Required work:
Please restate each line of the data that follows word for word, skipping any image.

++++ Exercise data

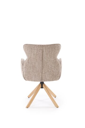 Vrtljivi jedilniški stol K585 združuje brezčasno eleganco naravnega lesa in sodobno funkcionalnost. Oblazinjen v prijetno temno bež tkanino ter podprt z masivnim hrastovim podnožjem, prinaša toplino, stabilnost in udobje v vsak prostor.
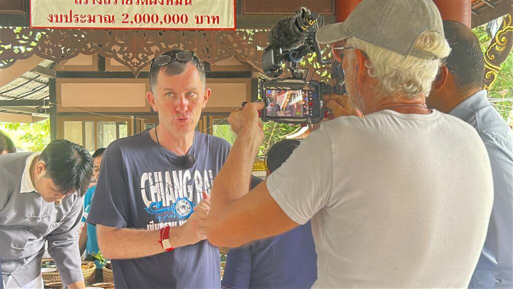 สื่อทีวีฝรั่งเศสยกทีมถ่ายทำประเพณีบุญล้านนาวัดฝั่งหมิ่น
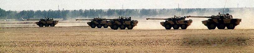 Французские разведывательные машины АМХ-10RC следуют через пустыню. 1991 год.
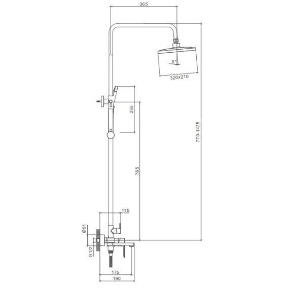 Душевая система Splenka S06.24.09 320x210 мм, со смесителем, графит матовый
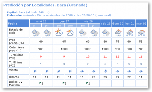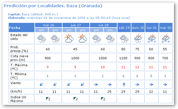 Cielos con intervalos nubosos, aumentando a nubosos o muy nubosos, la franja litoral con chubascos débiles a moderados que pueden ir acompañados de tormentas; cielos poco nubosos en el interior, aumentando por la tarde a nubosos con predominio de nubes medias y altas. La cota de nieve se situará en 800-1000m. Temperaturas en ligero descenso. Vientos de componente Este, flojos a moderados en el interior, moderados en el interior, moderados en el litoral, aumentando por la tarde a fuertes.

++++++++

Reply:
 Vrtljivi jedilniški stol K585 združuje brezčasno eleganco naravnega lesa in sodobno funkcionalnost. Oblazinjen v prijetno temno bež tkanino ter podprt z masivnim hrastovim podnožjem, prinaša toplino, stabilnost in udobje v vsak prostor.
 สื่อทีวีฝรั่งเศสยกทีมถ่ายทำประเพณีบุญล้านนาวัดฝั่งหมิ่น
 Французские разведывательные машины АМХ-10RC следуют через пустыню. 1991 год.
 Душевая система Splenka S06.24.09 320x210 мм, со смесителем, графит матовый
 Cielos con intervalos nubosos, aumentando a nubosos o muy nubosos, la franja litoral con chubascos débiles a moderados que pueden ir acompañados de tormentas; cielos poco nubosos en el interior, aumentando por la tarde a nubosos con predominio de nubes medias y altas. La cota de nieve se situará en 800-1000m. Temperaturas en ligero descenso. Vientos de componente Este, flojos a moderados en el interior, moderados en el interior, moderados en el litoral, aumentando por la tarde a fuertes.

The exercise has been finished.